Study was carried out in 37 biochemically confirmed subjects having Tay-Sachs disease and 32 subjects with Gaucher disease. Molecular analysis was carried out for all exons and exon-intron boundaries of HEXA and GBA gene by bidirectional sequencing method. In silico analysis was carried out using SIFT, Polyphen2 and Mutation T@ster softwares.

In HEXA gene, 21 mutations were identified in 34 unrelated families in Tay-Sachs disease, 15 of which were novel, including 10 missense mutations [E114K, D175A, T263I, G269R, D322N, D322Y, Q374P, R393P, E462V, G478R] in 20 families, 4 nonsense mutations [Q237X, W474X, W485X, R510X] in 5 families, one 8 bp deletion [c.898_905TTCATGAG (p.F300HfsX21)] in one family. Earlier known 6 mutations were also observed that include 2 missense mutations [R170W and R178C] in 2 patients, one 4bp insertion in 5 patients [c.1277_1278insTATC (p.Y427IfsX5)], 3 splice site mutations [c.805+1 G>C, c.459+5 G>A and c.672+30 T>G] in four families. Mutation was not identified in 3 families. In GBA gene (Gaucher disease) we have identified 10 missense mutations in 32 unrelated families that include 9 known mutations [E326K, V352M, G355D, S356F, R359Q, R368C, R395C, R463C and L444P] in 31 families and one novel mutation [G289A] in one family. In silico analysis further confirmed the pathogenic effect of the novel mutations occurred at highly evolutionarily conserved and functionally active domain residues in the protein leading to conformational changes or mRNA producing truncated protein resulting in the diminish or absent activity of the protein.
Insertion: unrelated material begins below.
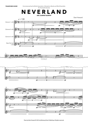 Neverland arranged for Clarinet Quartet by Dani Howard.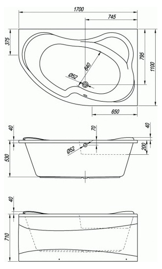 Форма ванны: Угловая ассиметричная

Present study demonstrated that E462V, D322Y and c.1277_1278insTATC (p.Y427IfsX5) mutations are the most common mutations observed in nearly 49% (18/37) of the children with TSD in India. Similarly, L444P missense mutation is commonly observed in 21/32 (65.62%) children with Gaucher disease. Additionally, the data also demonstrates that exon 5-12 in HEXA gene and exon 8-10 in GBA gene are the hot spot region where ~75% and 94 % mutations can be identified in Indian patients with the aforementioned diseases respectively.

Authors’ Affiliations

(1)
FRIGE House, Satellite, FRIGE’s Institute of Human Genetics

Copyright

© Sheth; licensee BioMed Central Ltd. 2014

This article is published under license to BioMed Central Ltd. This is an Open Access article distributed under the terms of the Creative Commons Attribution License (http://creativecommons.org/licenses/by/2.0), which permits unrestricted use, distribution, and reproduction in any medium, provided the original work is properly cited. The Creative Commons Public Domain Dedication waiver (http://creativecommons.org/publicdomain/zero/1.0/) applies to the data made available in this article, unless otherwise stated.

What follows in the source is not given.